[TASK STATEMENT]:
Look below for the line holding "이 사건의 디테일을 보면" and the line holding "- 卡扎菲身藏下水道命喪家鄉(xiāng) 尸體運(yùn)往米蘇拉塔". Repeat those two and everything between, exactly.

[RECORDS FOR THE EXERCISE]:
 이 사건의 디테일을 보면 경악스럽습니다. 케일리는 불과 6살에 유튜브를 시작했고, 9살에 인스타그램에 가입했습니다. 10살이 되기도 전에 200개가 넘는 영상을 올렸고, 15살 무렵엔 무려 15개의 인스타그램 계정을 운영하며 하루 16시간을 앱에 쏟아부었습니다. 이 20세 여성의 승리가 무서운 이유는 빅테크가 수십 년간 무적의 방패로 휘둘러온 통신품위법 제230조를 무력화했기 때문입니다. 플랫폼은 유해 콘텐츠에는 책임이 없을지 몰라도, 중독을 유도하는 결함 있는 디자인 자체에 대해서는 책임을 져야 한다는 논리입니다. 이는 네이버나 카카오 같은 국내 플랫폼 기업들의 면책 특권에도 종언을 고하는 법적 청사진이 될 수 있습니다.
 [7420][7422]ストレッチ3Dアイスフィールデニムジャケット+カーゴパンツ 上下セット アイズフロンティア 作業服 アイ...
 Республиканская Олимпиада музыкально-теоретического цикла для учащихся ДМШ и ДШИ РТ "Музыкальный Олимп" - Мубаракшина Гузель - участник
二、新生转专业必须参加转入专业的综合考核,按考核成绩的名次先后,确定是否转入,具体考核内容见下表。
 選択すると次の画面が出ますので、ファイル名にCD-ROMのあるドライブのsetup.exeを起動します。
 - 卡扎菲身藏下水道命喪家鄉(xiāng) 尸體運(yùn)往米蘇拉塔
* * *
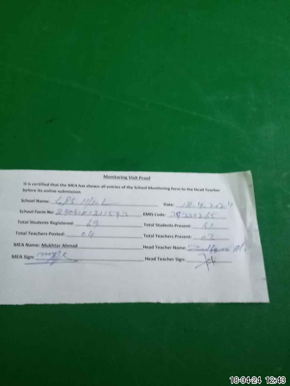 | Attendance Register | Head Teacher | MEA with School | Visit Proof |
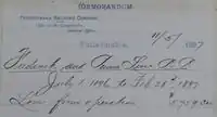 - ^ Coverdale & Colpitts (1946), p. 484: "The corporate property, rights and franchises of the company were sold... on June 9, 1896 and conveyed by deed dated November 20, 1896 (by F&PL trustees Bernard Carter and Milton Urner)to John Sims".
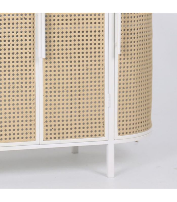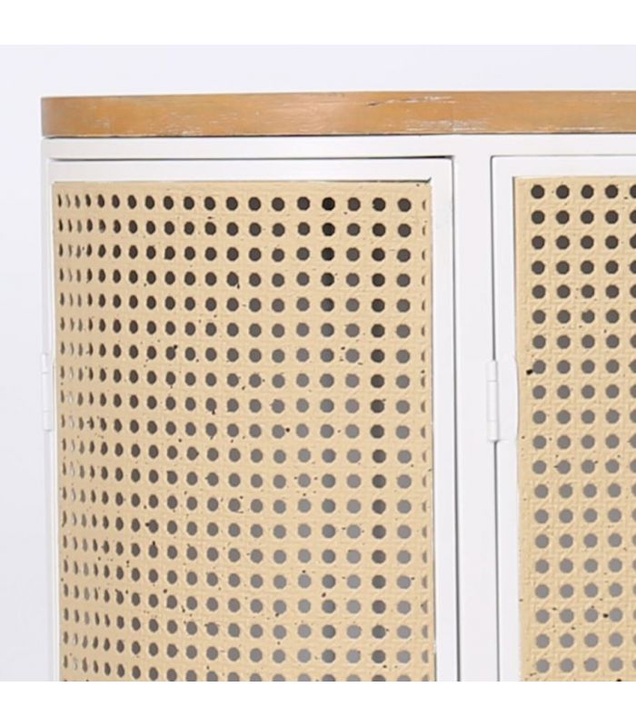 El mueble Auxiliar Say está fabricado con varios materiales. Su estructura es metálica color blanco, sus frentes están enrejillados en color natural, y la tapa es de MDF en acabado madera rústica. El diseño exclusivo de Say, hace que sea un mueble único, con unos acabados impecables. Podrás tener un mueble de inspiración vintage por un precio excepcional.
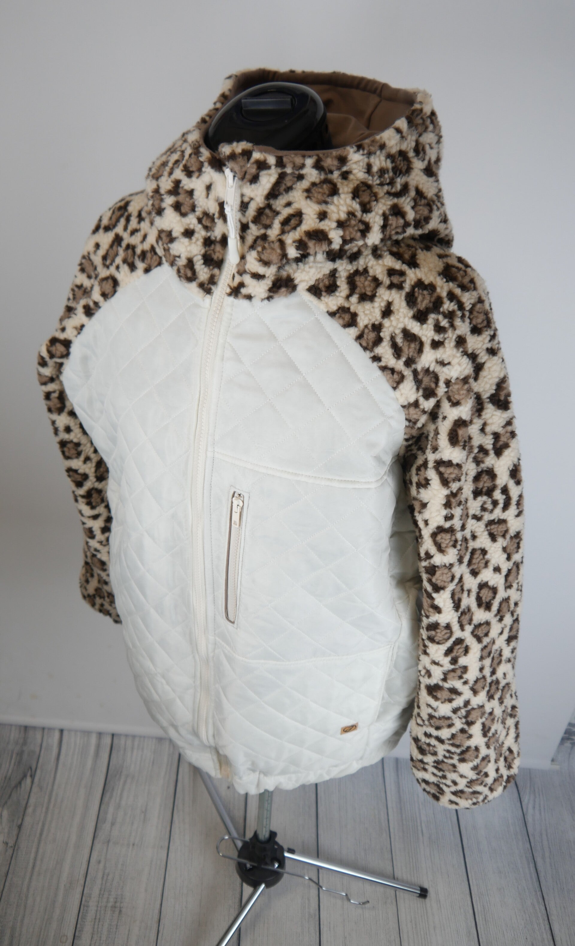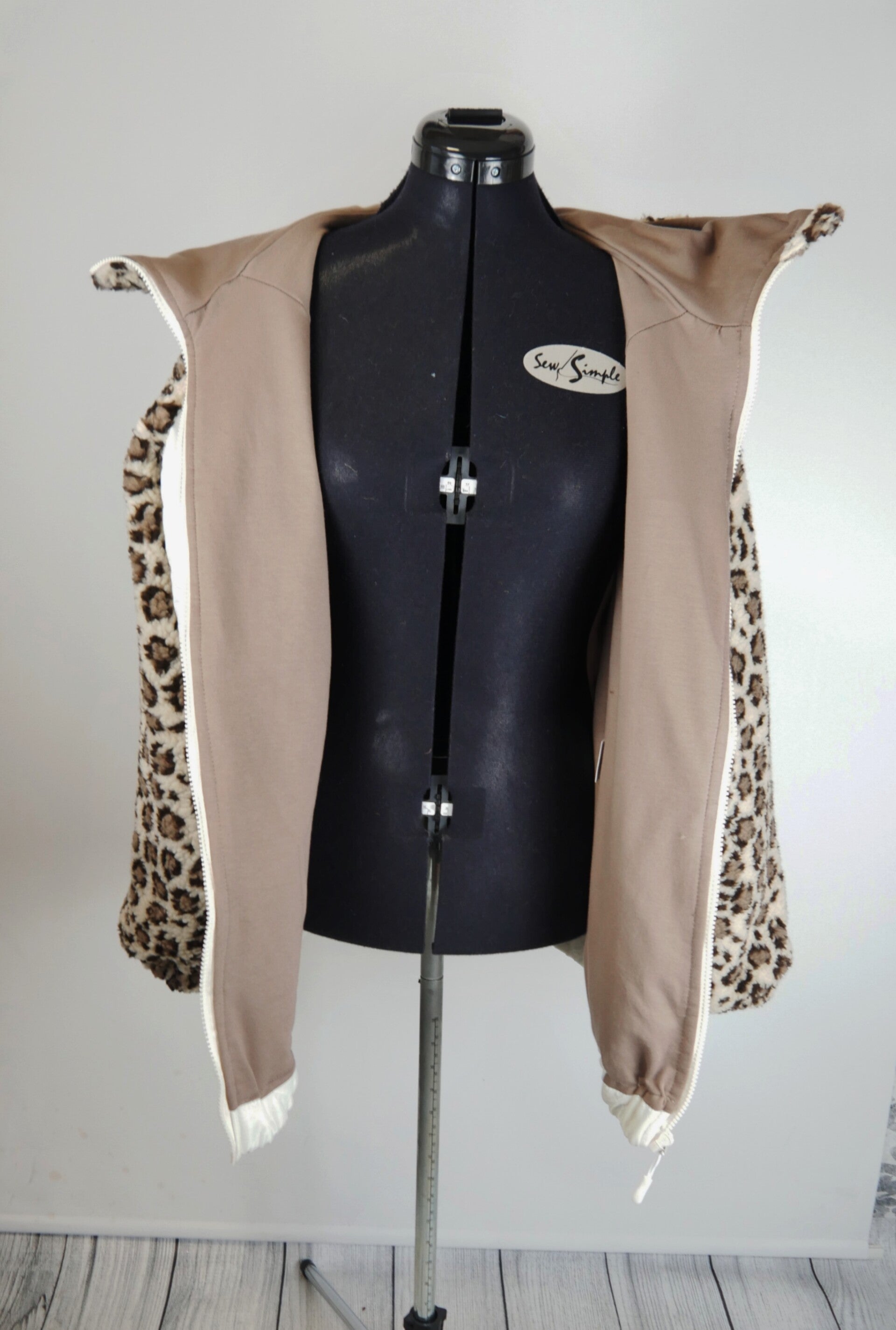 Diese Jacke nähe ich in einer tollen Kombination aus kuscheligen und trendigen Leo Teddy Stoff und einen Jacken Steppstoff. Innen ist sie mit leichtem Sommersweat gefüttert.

[ANSWER SECTION]:
 이 사건의 디테일을 보면 경악스럽습니다. 케일리는 불과 6살에 유튜브를 시작했고, 9살에 인스타그램에 가입했습니다. 10살이 되기도 전에 200개가 넘는 영상을 올렸고, 15살 무렵엔 무려 15개의 인스타그램 계정을 운영하며 하루 16시간을 앱에 쏟아부었습니다. 이 20세 여성의 승리가 무서운 이유는 빅테크가 수십 년간 무적의 방패로 휘둘러온 통신품위법 제230조를 무력화했기 때문입니다. 플랫폼은 유해 콘텐츠에는 책임이 없을지 몰라도, 중독을 유도하는 결함 있는 디자인 자체에 대해서는 책임을 져야 한다는 논리입니다. 이는 네이버나 카카오 같은 국내 플랫폼 기업들의 면책 특권에도 종언을 고하는 법적 청사진이 될 수 있습니다.
 [7420][7422]ストレッチ3Dアイスフィールデニムジャケット+カーゴパンツ 上下セット アイズフロンティア 作業服 アイ...
 Республиканская Олимпиада музыкально-теоретического цикла для учащихся ДМШ и ДШИ РТ "Музыкальный Олимп" - Мубаракшина Гузель - участник
二、新生转专业必须参加转入专业的综合考核,按考核成绩的名次先后,确定是否转入,具体考核内容见下表。
 選択すると次の画面が出ますので、ファイル名にCD-ROMのあるドライブのsetup.exeを起動します。
 - 卡扎菲身藏下水道命喪家鄉(xiāng) 尸體運(yùn)往米蘇拉塔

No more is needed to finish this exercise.